Mack v. Delta Air Lines, Inc., 2016 U.S. App. LEXIS 706 (11th Cir. Jan. 15, 2016):
Plaintiffs Olivia Jiheekim Mack ("Mack") and David Mack, proceeding pro se, appeal the district court's dismissal of Mack's amended complaint against Mack's employer, Delta Air Lines, Inc. ("Delta"), and against Sedgewick Claims Management Services, Inc. ("Sedgewick"). Plaintiffs also appeal the district court's grant of Defendants' motions for sanctions and denial of Plaintiffs' motion for sanctions. No reversible error has been shown; we affirm.
This case arises out of the denial of Mack's application for short-term disability insurance ("STDI") benefits. Mack declined SDTI [*2] benefits when she was first hired as a Delta flight attendant in 2007. When Mack later applied for SDTI benefits in October 2008, she was denied coverage because she was pregnant. Unable to qualify for SDTI benefits, Mack continued to work as a flight attendant during her pregnancy. Mack alleges that, as a result of her working on long international flights, she suffered from preeclampsia and high blood pressure -- putting both her and her unborn baby's health at risk.
Mack filed a charge of employment discrimination with the Equal Employment Opportunity Commission ("EEOC"), alleging that she was discriminated against in violation of Title VII, the Age Discrimination in Employment Act ("ADEA"), and the Americans with Disabilities Act ("ADA").

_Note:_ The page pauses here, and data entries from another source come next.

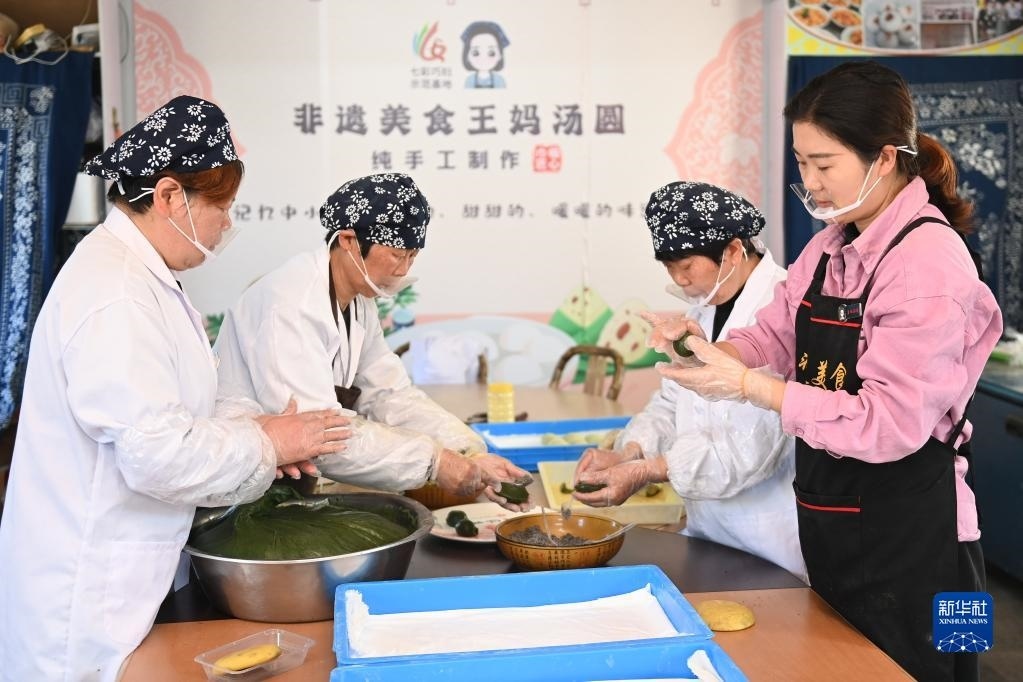 在浙江寧波奉化區(qū)西塢街道廟后周村,毛美兒(右一)與村民一同制作青團(tuán)(3月8日攝)。自2015年創(chuàng)業(yè)起,“王媽湯圓”負(fù)責(zé)人毛美兒將制作本地非遺美食的技藝傳授給當(dāng)?shù)貗D女,已帶動(dòng)60余位農(nóng)村婦女制作、銷(xiāo)售美食,共同增收致富。新華社記者 黃宗治 攝
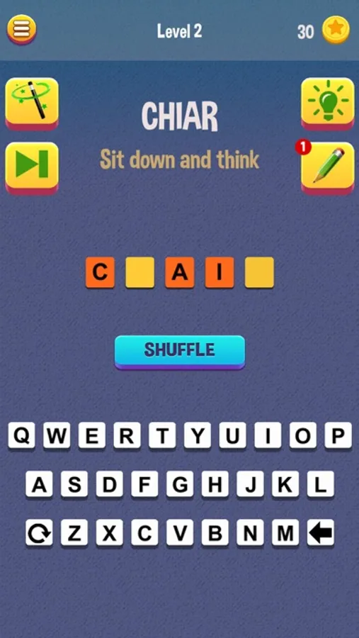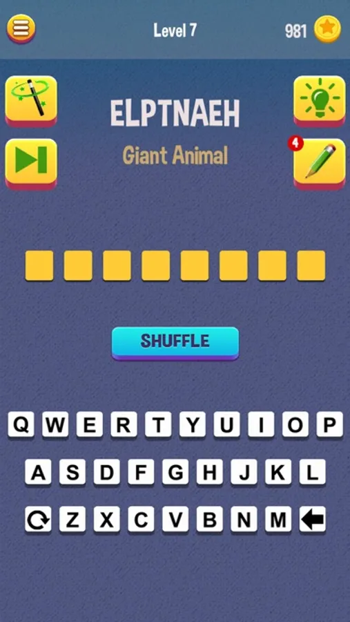 Mumbo Jumbo is a word puzzle game based on Anagrams, that gives you a group of scrambled letters and requires you to unscramble them to make a real word.
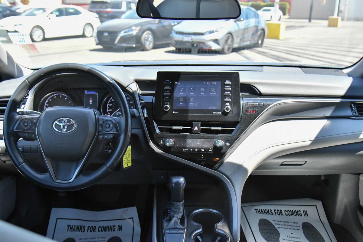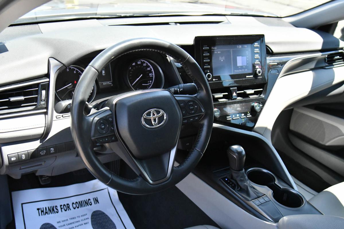 Delivers 39 Highway MPG and 28 City MPG! This Toyota Camry delivers a Regular Unleaded I-4 2.5 L/152 engine powering this Automatic transmission. Variable Intermittent Wipers, Urethane Gear Shifter Material, Trunk Rear Cargo Access.*This Toyota Camry Comes Equipped with These Options *Trip Computer, Transmission: 8-Speed Direct Shift ECT-i Automatic -inc: sequential shift mode and paddle shifters, Toyota Safety Sense (TSS) 2.5+, Tires: 235/45R18 AS, Tire Pressure Monitor System (TPMS) Tire Specific Low Tire Pressure Warning, Strut Front Suspension w/Coil Springs, Steel Spare Wheel, Single Stainless Steel Exhaust w/Polished Tailpipe Finisher, Side Impact Beams, Seats w/Leatherette Back Material.

After efforts to obtain a settlement failed, the EEOC issued Mack a right-to-sue notice.
On 9 April 2013, Mack filed this civil action against Delta and Sedgewick, the administrator of Delta's STDI program. In her initial complaint, Mack purported to assert against Defendants claims for violations of Title VII, the ADA, and the ADEA, and several state-law claims.
The district court dismissed as untimely the employment discrimination claims arising [*3] from Mack's EEOC charge and dismissed without prejudice Mack's remaining state-law claims. The district court also denied as futile Mack's four motions to amend the complaint but granted her leave to file an amended complaint that complied with federal pleading requirements.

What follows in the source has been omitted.